Bistami Hazretlerinin Nefis İle Mücadelesi
Tüm Allah dostları gibi, Bistami hazretleri nefis mücadelesi konusunda çok dikkatli davranıyordu. Bistami, on iki sene nefsinin demircisi olduğunu, onu riyazat körüğüne koyarak ateşle birlikte kızarttığına değinmiştir. Sonra kınama örsüne koyarak da mahviyet ve melamet çekiciyle dövdüğünü belirtti. Beş yıl içerisinde de nefsinin özellikle aynası olduğuna dair bir düşüncesini belirtmiştir. Kısacası Bistami, nefsini murakebeye almıştır. Çeşitli ibadetlerle birlikte taat ile de aynayı cilalamıştır. 1 sene de ibret gözüyle bakarak, ruhunda ki gururun, ibadetlerine güvenmekten, amelini beğenmekten oluştuğunu ve büyük iptalinde mevcut olabileceğini görmüştür.
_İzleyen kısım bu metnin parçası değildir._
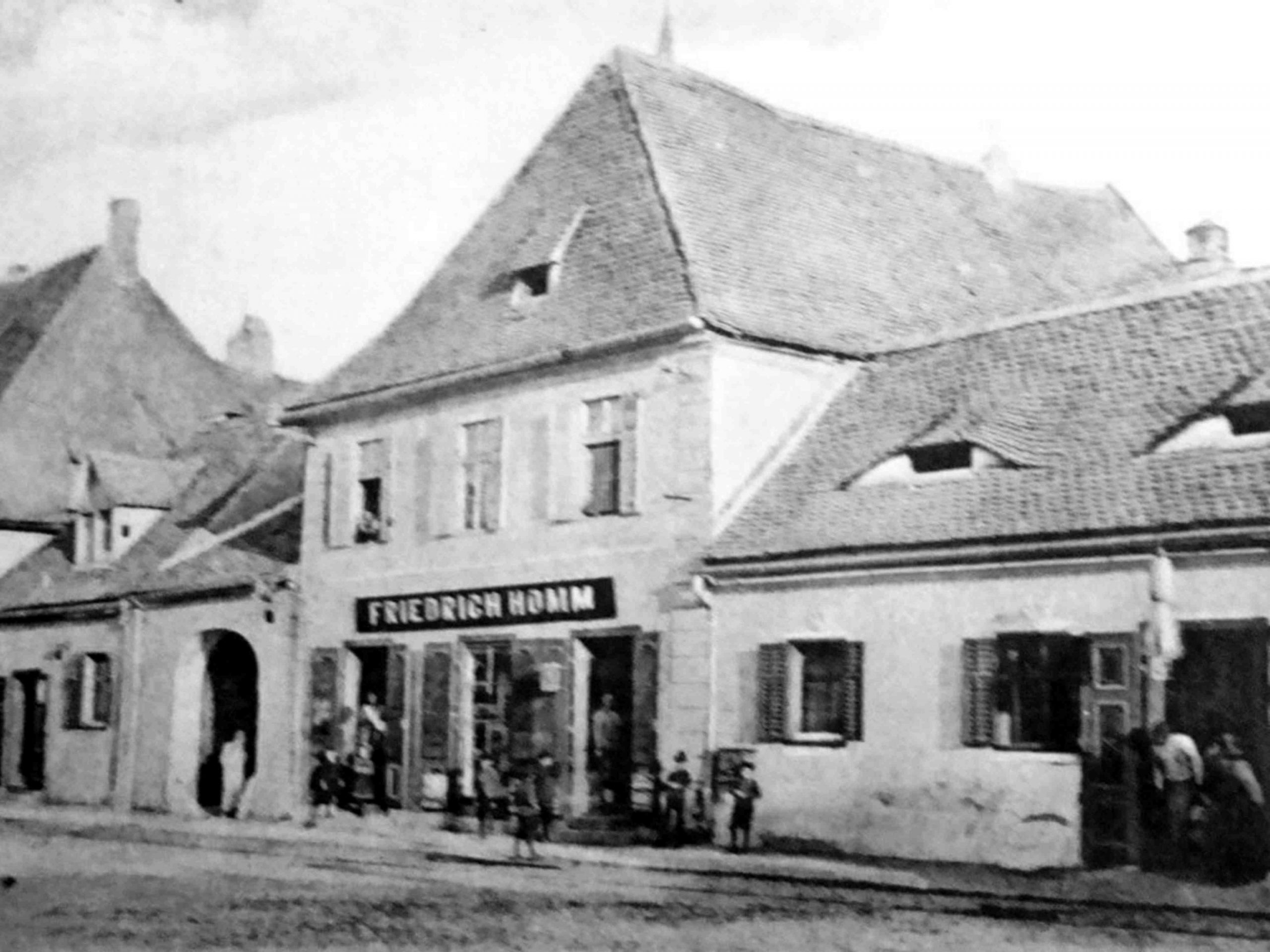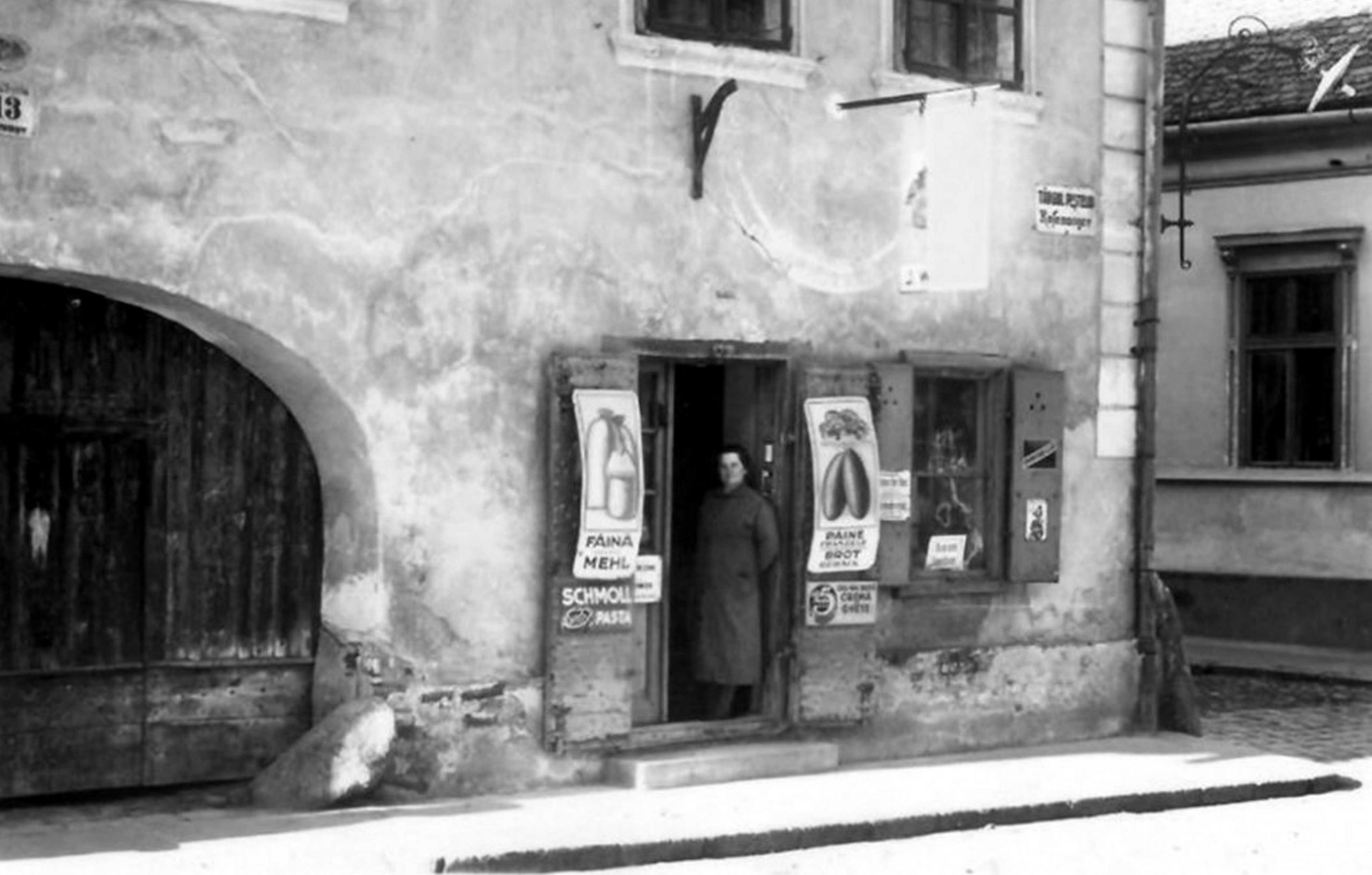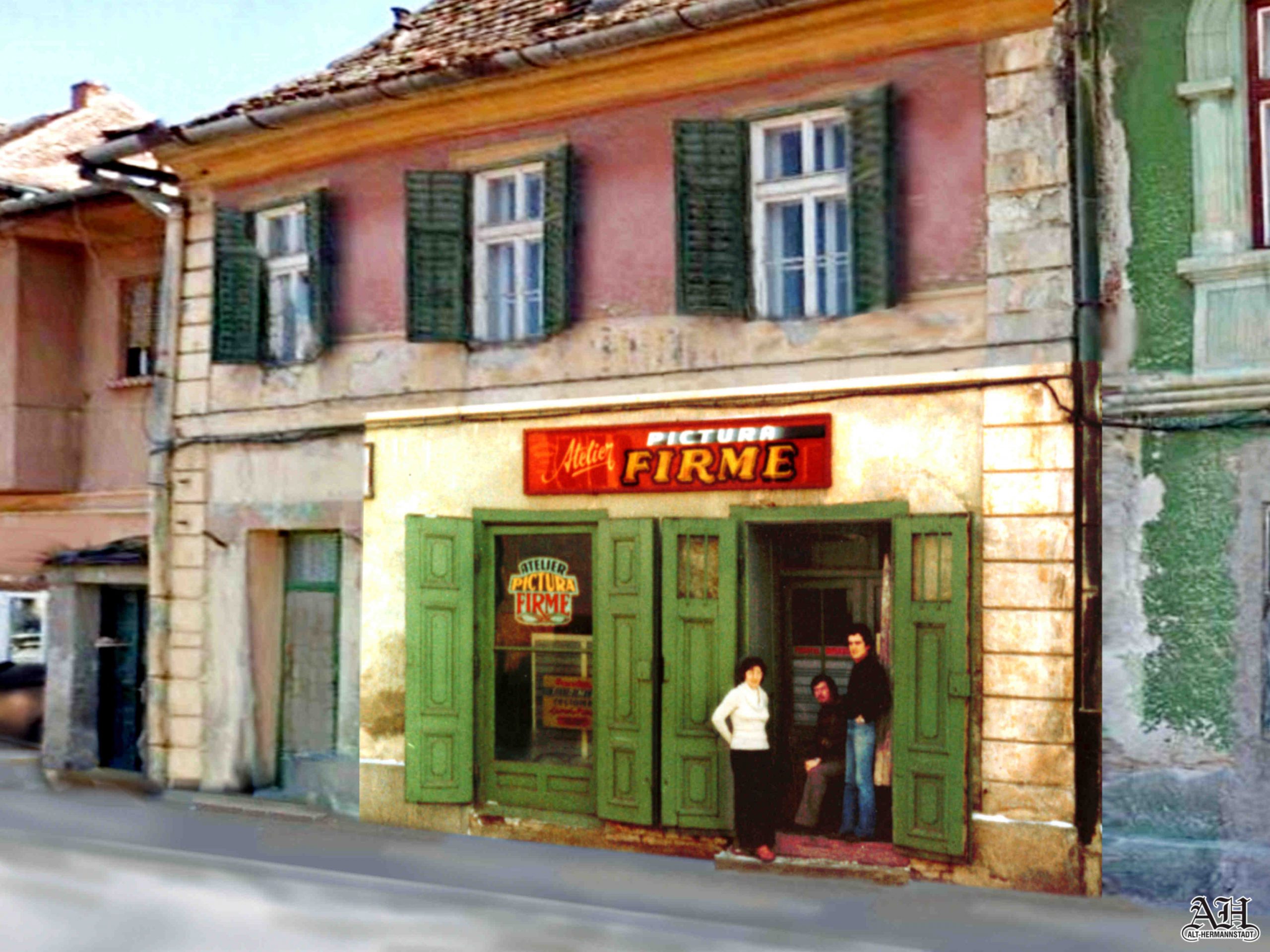 Clădirea noastră avea spre stradă la parter două uși și o vitrină cu obloane. Prin ușa din partea dreaptă se intra în atelierul nostru, prin ușa din partea stângă intr-o camera îngustă în care funcționa în anii 1970/80 o tutungerie. Între atelierul de firme si tutungerie se afla o ușă zidită! După desființarea tutungeriei s-a mutat în spațiul respectiv sifonăria coop. Igiena de pe str. 9 Mai (Elisabetgasse). Sifonarul Rühn era tatăl cunosutei gimnaste cu renume international Melitta Rühn, cea care a castigat o medalie de aur la Campionatul Mondial de gimnastica la Fort Worth 1979 și o medalie de argint și doua de bronz la Jocurile Olimpice de la Moscova 1980.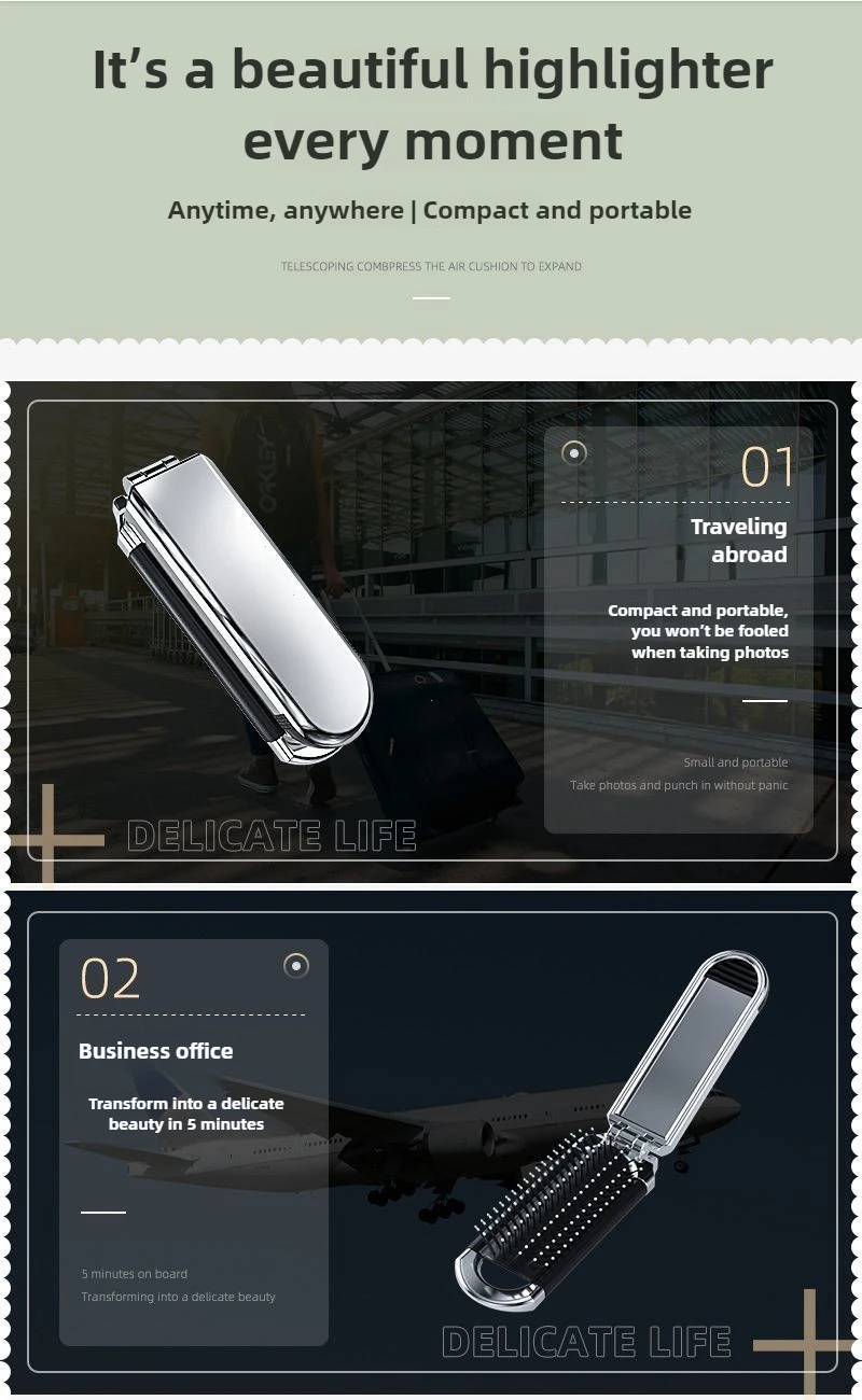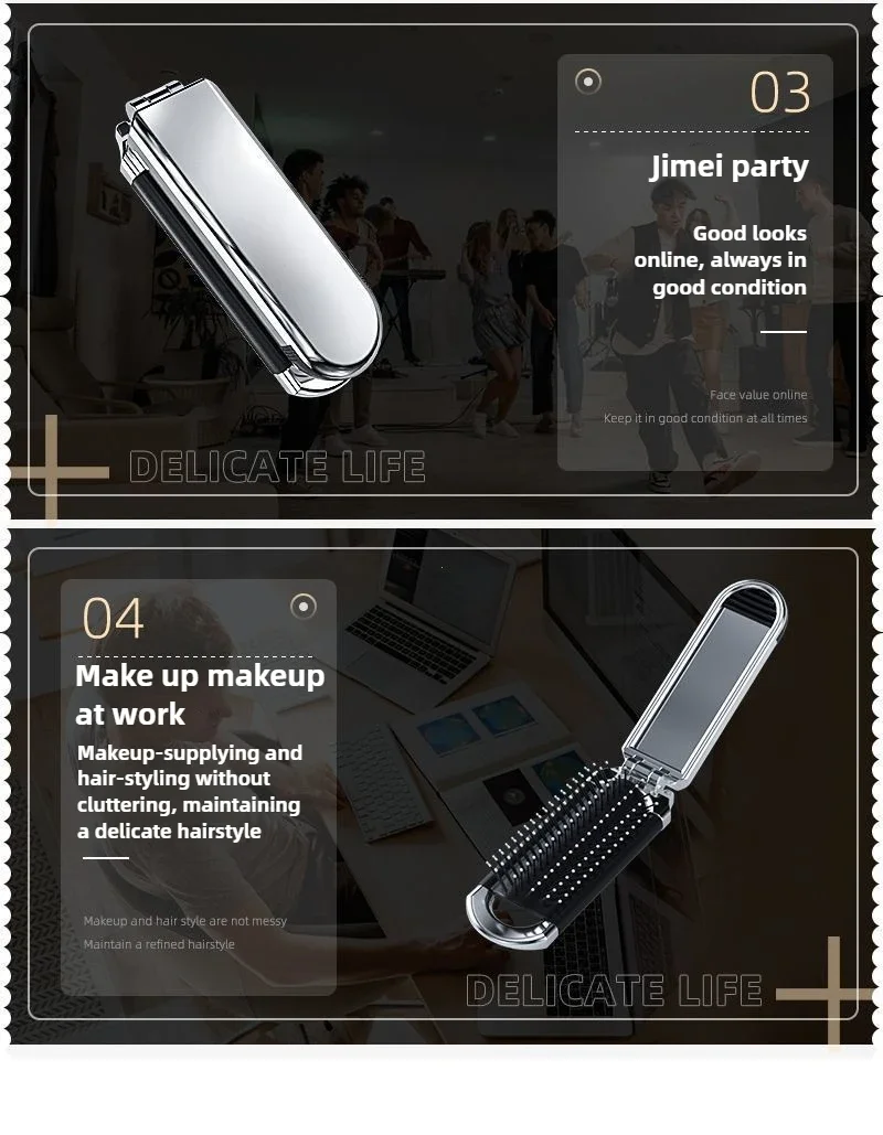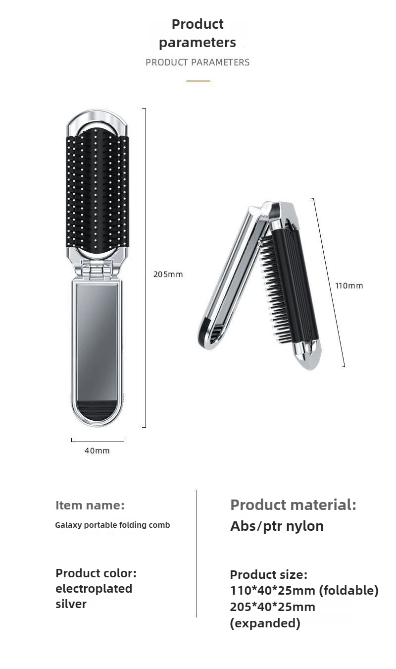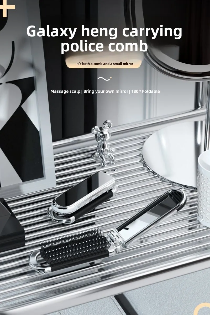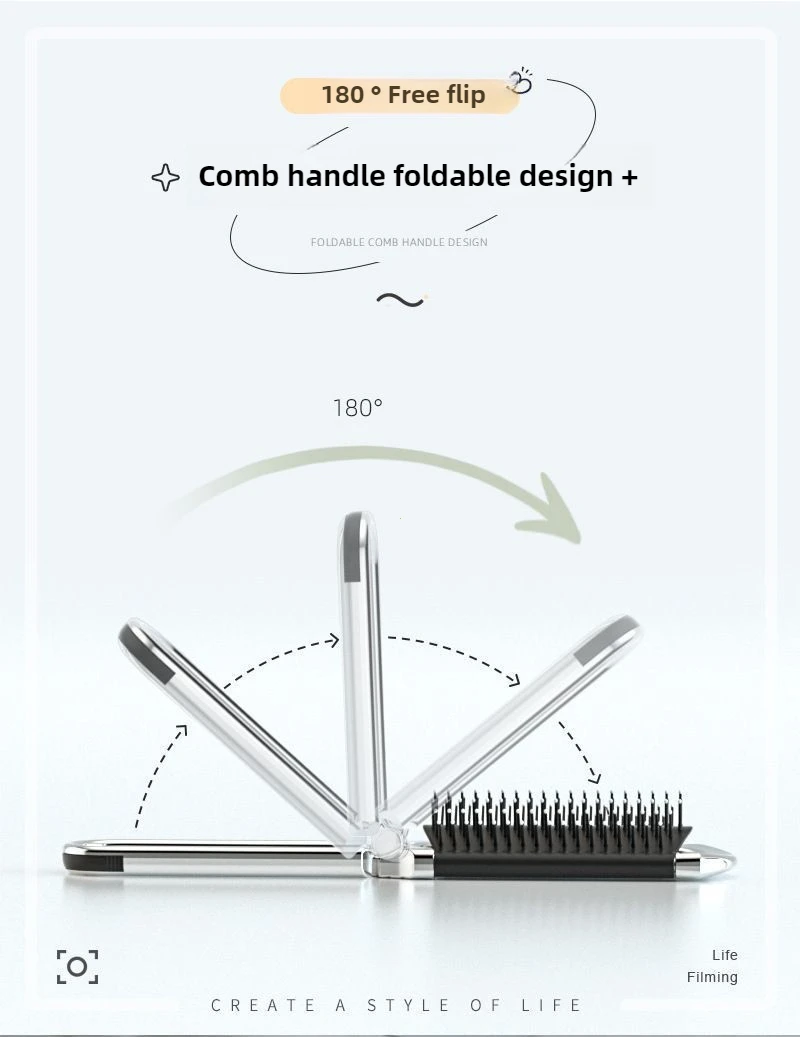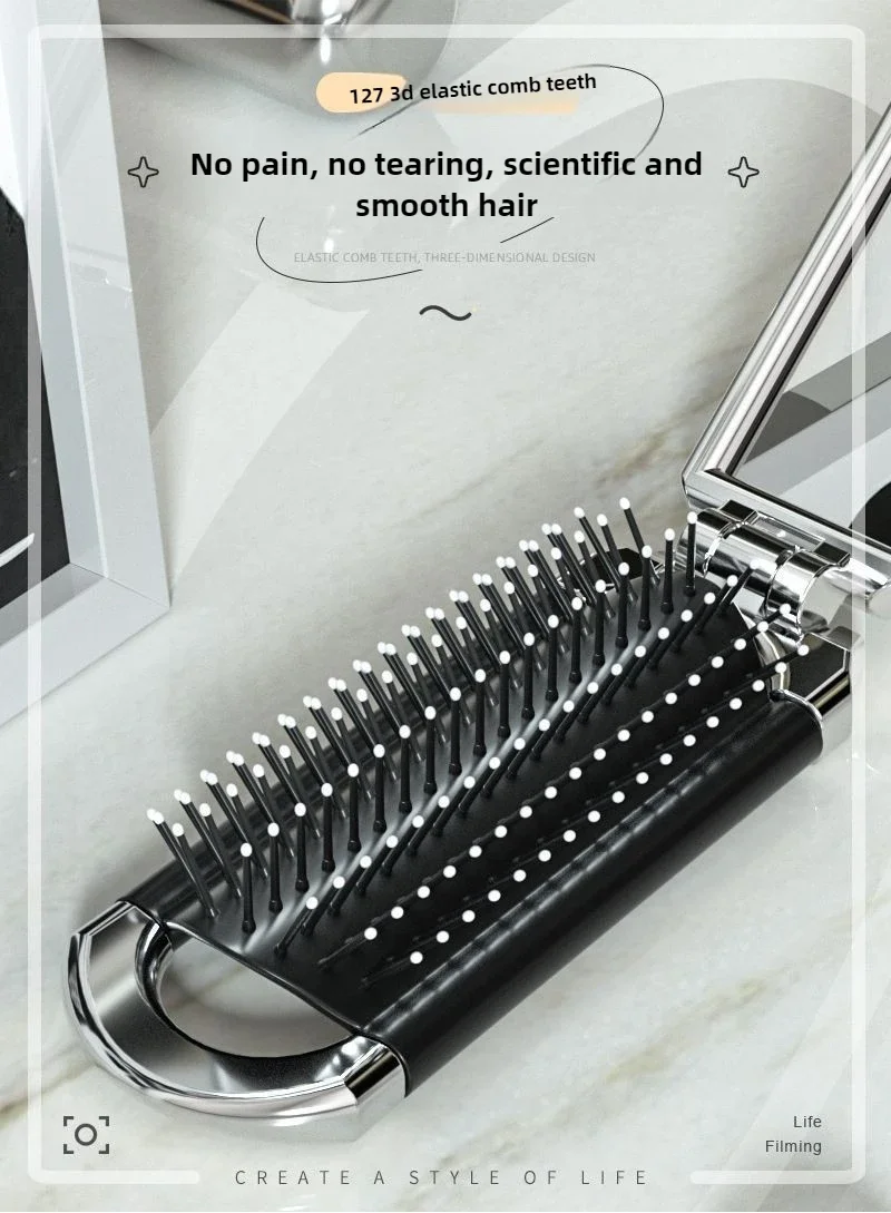 Faltbarer Haarkamm, tragbarer Massagebürstenkopf, Kopfhautmassagegerät, antistatisch, Reisekämme, Spiegel, Mädchen, Friseur-Styling-Werkzeuge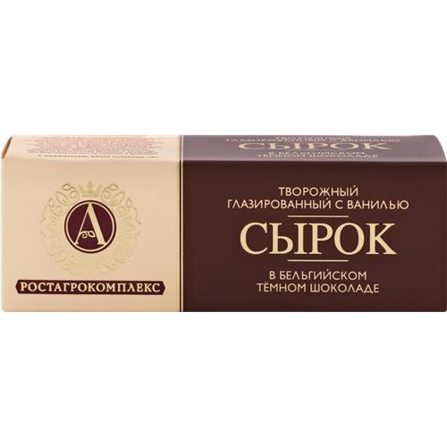 Сырок творожный глазированный А.РОСТАГРОКОМПЛЕКС с ванилью в темном шоколаде 26%, без змж, 50г в магазинах Лента

Oluşan bu musibeti de yok edebilmek adına 5 sene daha gayretle çalışıp sonunda imanının kemala erdiğini belirtmiştir. Sonucunda da İslam’ın ruhani tadına tekrar vardığını hissetmiştir.
Bistami’nin Takva Hayatı Ve Allah Korkusu
Bistami’nin takva hayatı, her Müslümanım diyen tarafından mutlaka örnek alınmalıdır. Allah’ı anarken büyük vecd, istiğrak haline bürünürdü. Özellikle namaz ibadetini yerine getirirken, kemiklerin çatırdamalar olurdu. Bistami’nin bu durumu tamamen, Allah’a duyduğu sevgiden kaynaklanıyor. Bistami, ilahi emirlere bağlılığıyla adeta dikkat çekiyordu. Yalnızken dahi, sanki Allah’ın huzurundaymış gibi diz üstü oturarak, saygıyla Allah’ı düşünürdü.
Bistami’nin Zühd Hayatı
Bistami’nin zühd hayatı oldukça dikkat çekicidir. Bistami, kesinlikle malın ve mülkün geçici olduğunu belirtildi. Ona göre gerçek servet, Allah’a bağlılıktan geçiyor. Her gerçek Allah dostları gibi o da, fani dünyada ki geçici oyunlara kesinlikle gönlünü kaptırmamıştır.